Door Gert van Maanen - 13-06-2020 - Zoölogie

De slangster Gorgonocephalus. Foto: Naturalis Biodiversity Center
Serie: Uit de schatkamer
Grasduinen langs 42 miljoen objecten in de collecties van het Rijksmuseum van Natuurlijke Historie – Naturalis, 1820 – 2020
AFLEVERING 11: STEKELHUIDIGEN
COLLECTIE: Echinodermata
AANTAL EXEMPLAREN: circa vijftigduizend
TOPSTUK: Slangster Gorgonocephalus eucnemis, rond 1959 opgevist door walvisfabriekschip Willem Barendsz II
AANTAL HOLOTYPES: 160
BEHEERDER: Joke Bleeker
‘Mijn favorieten zijn de slangsterren. Vooral als ze zo uitbundig vertakt zijn, zoals de Gorgonocephalus, vind ik ze heel indrukwekkend. Je hebt echt heel leuke slangsterren, maar ook zeelelies zijn heel elegant. Daar zit bovendien het mooie verhaal van hun herontdekking aan vast. Zeelelies waren lange tijd eigenlijk alleen bekend van fossiele vondsten en zijn in 1864 herontdekt tijdens diepzee-expedities.
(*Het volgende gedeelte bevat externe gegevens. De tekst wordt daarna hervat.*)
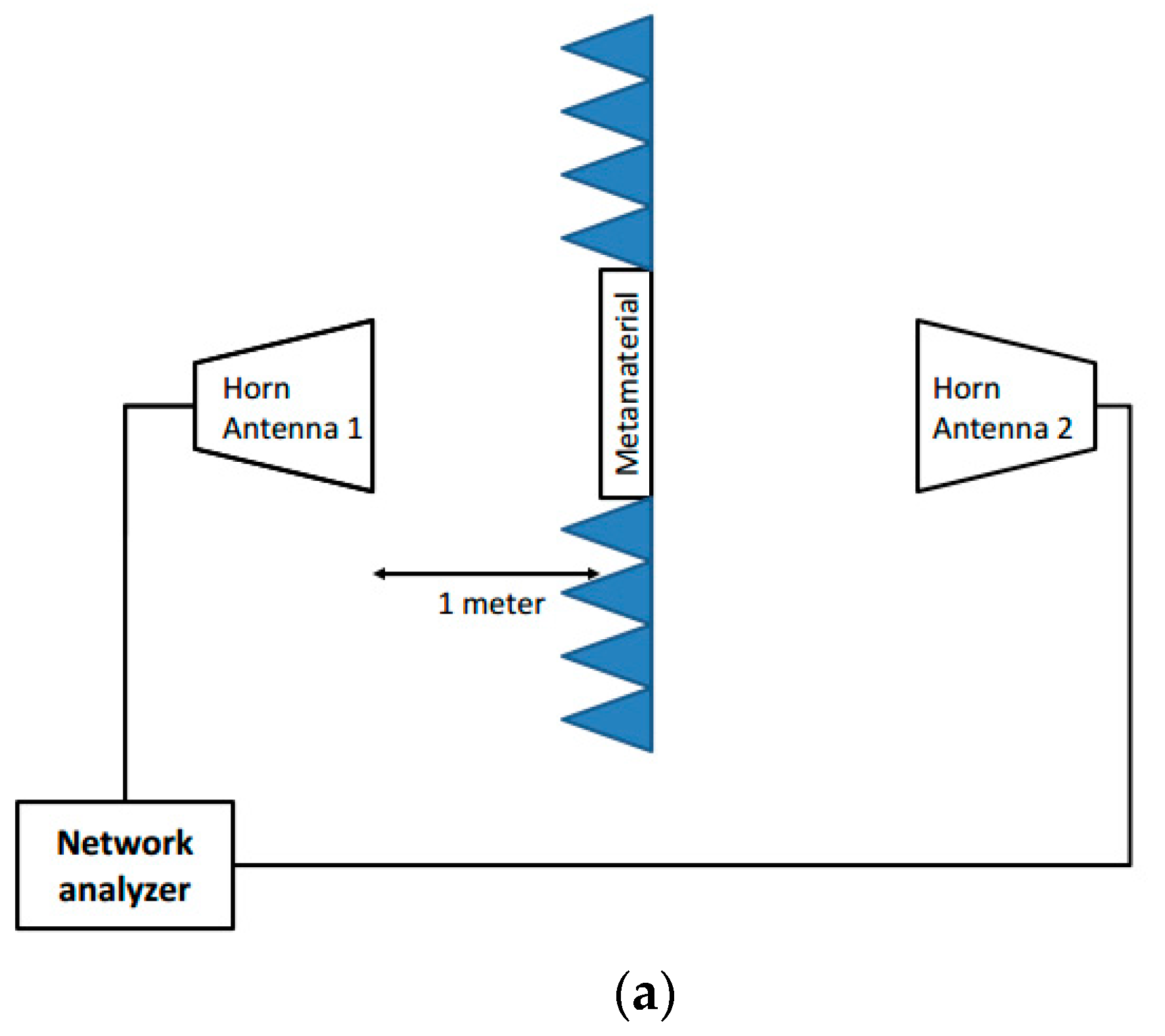 Measurement setup (a) schematic of the measurement setup. The metamaterial is surrounded by microwave absorbers. Two horn antennas operating from 0.8 to 8.0 GHz are used to transmit and receive signals. The network analyzer connects the two horn antennas. The distance between the metamaterial and both horn antennas is 1 m. Photo of the test setup. The measurement is conducted in an anechoic chamber to eliminate external measurement noise. (b-1) the SRR slab and (b-2) the SRR covered by 0.3 mm thick ferrite film.

Sindsdien zijn er weer honderden recente zeeleliesoorten gevonden’, vertelt Joke Bleeker, beheerder van de collectie stekelhuidigen. Een zeebewonende diergroep waartoe de zeesterren (Asteroidea), slangsterren (Ophiuroidea), zee-egels (Echinoidea), zeekomkommers (Holoturioidea), zeelelies en -veren (Crinoidea) en nog twee uitgestorven groepen (Blastoidea en Cystoidea) behoren.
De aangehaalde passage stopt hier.